Impact parameter dependence of energy loss and target-electron-induced ionization for 27 MeV/u Xe35+ incident ions transmitted in [110] Si channels

Abstract

We present original experiments providing information on the impact parameter dependence of stopping power in axial channeling and on electron impact ionization. A beam of 27 MeV/u Xe35+ ions (far from the equilibrium charge state in matter) has been transmitted through a Si crystal, parallel to the [110] axis. The very broad and out-of-equilibrium emerging charge state distribution (35 ⩽ Qout ⩽ 53) arises nearly only from electron impact ionization. The corresponding cross sections σ(Q → Q + 1) obtained, when fitting the experimental distribution by Monte Carlo simulations.

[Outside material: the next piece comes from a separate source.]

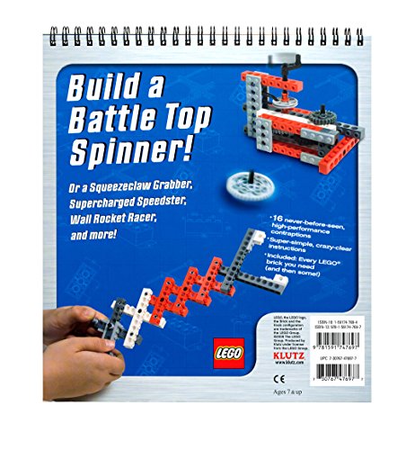 -. Binding : Hardcover-spiral -. Brand : Klutz -. Department : unisex-child -. EAN : 9781591747697 -. Edition : Nov Spi Ha -. Feature : Includes every brick, gear & axle you need to create 16 unique projects / Comes with 105 L.E.G.O bricks / Includes a 50 page instructional book with Klutz certified crystal-clear instructions / 1.5+ million copies sold / Recommended for children ages 7+ -. IsAdultProduct : 0 -. ISBN : 1591747694 -. Label : Klutz Press -. Manufacturer : Klutz Press -. Model : 9781591747697 -. MPN : 9781591747697 -. NumberOfItems : 1 -. NumberOfPages : 50 -. PackageQuantity : 1 -. PartNumber : 9781591747697 -. ProductGroup : Toy -. ProductTypeName : TOYS_AND_GAMES -. PublicationDate : 2008-09-01 -. Publisher : Klutz Press -. SKU : 9781591747697 -. Studio : Klutz Press -. Title : Klutz L.E.G.O Crazy Action Contraptions Craft Kit -. UPC : 659213184696 -. Warranty : Please contact the seller directly for warranty information for this product. You may also be able to find warranty information on the manufacturer's website.

The energy loss spectra measured for each Qout have been analyzed, using the same simulation program. The choice of Qout corresponds to a selection in the transverse energy distribution of the ions and on their accessible transverse space. Detailed information is thus obtained on “local stopping power”, i.e. in a given point of the transverse [110] space, and on its relation with the corresponding local electronic density. The respective influence of core and valence electrons is studied. For very well channeled ions, the energy loss, which is only induced by the valence electron gas, depends little on the local electronic density sampled by the particles. It is very close to the .energy loss corresponding to a homogeneous electron gas with density equal to the mean density of valence electrons.